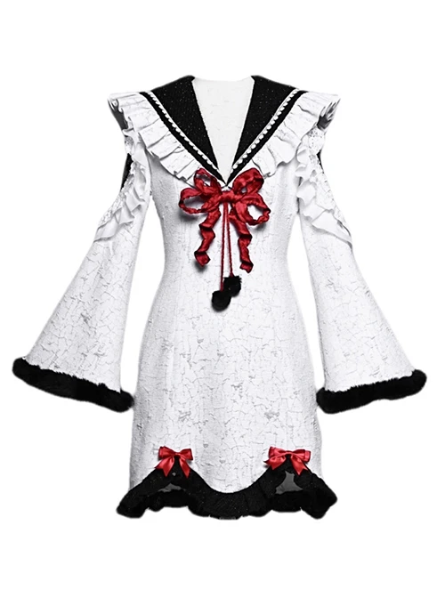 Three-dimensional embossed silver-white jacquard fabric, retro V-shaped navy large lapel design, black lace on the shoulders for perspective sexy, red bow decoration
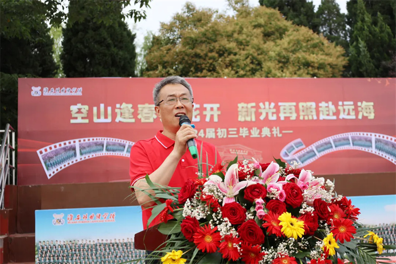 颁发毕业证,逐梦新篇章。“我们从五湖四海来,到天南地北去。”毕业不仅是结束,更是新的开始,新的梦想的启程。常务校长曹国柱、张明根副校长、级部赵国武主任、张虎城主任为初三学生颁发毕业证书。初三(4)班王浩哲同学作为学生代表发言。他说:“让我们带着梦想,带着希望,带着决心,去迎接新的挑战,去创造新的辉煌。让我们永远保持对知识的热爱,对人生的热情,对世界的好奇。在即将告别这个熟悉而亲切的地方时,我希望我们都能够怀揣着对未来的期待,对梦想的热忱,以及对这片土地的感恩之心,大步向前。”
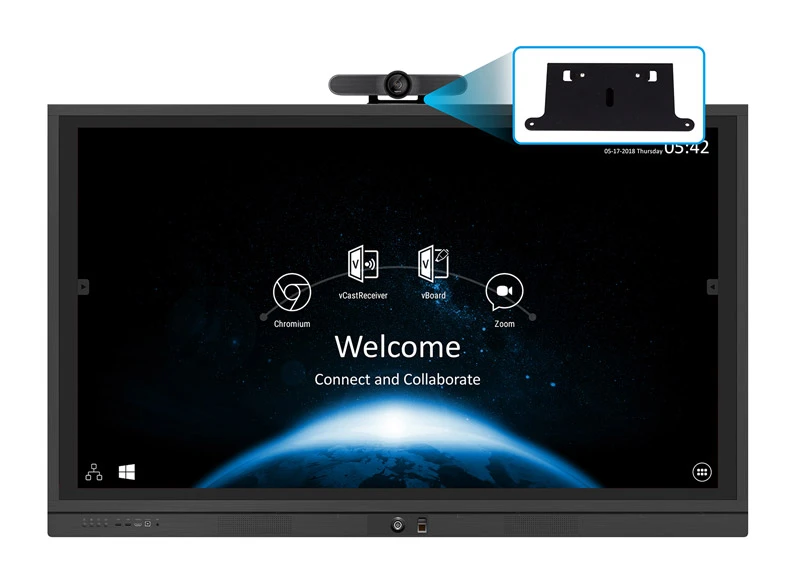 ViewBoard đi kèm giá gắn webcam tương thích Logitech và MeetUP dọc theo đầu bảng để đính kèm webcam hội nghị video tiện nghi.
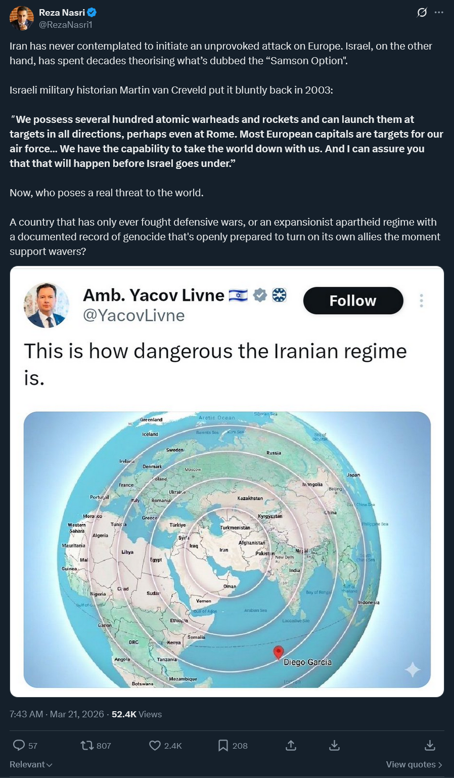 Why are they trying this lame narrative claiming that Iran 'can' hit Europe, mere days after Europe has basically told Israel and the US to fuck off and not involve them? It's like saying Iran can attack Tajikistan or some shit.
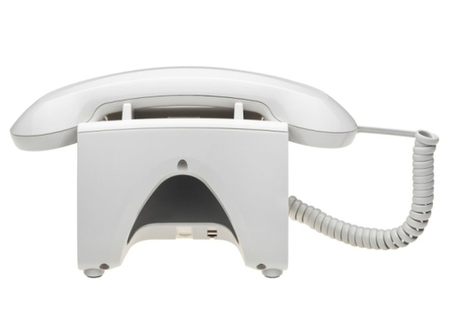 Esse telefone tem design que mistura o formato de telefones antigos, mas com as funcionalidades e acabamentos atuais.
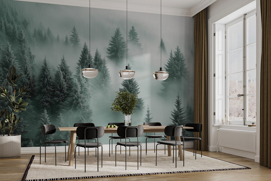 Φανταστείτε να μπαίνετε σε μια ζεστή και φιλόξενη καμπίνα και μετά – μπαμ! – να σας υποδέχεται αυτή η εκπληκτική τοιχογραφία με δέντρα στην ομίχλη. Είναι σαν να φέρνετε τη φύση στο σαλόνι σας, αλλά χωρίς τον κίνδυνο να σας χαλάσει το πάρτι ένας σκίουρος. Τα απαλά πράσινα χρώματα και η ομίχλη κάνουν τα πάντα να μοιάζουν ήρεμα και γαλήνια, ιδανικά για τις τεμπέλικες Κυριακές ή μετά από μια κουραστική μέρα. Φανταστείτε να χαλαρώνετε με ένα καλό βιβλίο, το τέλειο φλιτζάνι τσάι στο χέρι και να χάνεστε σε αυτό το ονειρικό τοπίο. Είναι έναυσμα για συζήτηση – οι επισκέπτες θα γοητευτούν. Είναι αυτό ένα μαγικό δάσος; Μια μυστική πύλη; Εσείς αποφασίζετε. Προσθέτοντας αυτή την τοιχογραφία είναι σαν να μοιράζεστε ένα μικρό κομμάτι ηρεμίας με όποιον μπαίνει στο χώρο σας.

§

In the records above, find the line with "ViewBoard đi kèm" and the line with "Esse telefone tem"; please transcribe exactly those two lines and all lines between them, omitting any picture.

 ViewBoard đi kèm giá gắn webcam tương thích Logitech và MeetUP dọc theo đầu bảng để đính kèm webcam hội nghị video tiện nghi.
 Why are they trying this lame narrative claiming that Iran 'can' hit Europe, mere days after Europe has basically told Israel and the US to fuck off and not involve them? It's like saying Iran can attack Tajikistan or some shit.
 Esse telefone tem design que mistura o formato de telefones antigos, mas com as funcionalidades e acabamentos atuais.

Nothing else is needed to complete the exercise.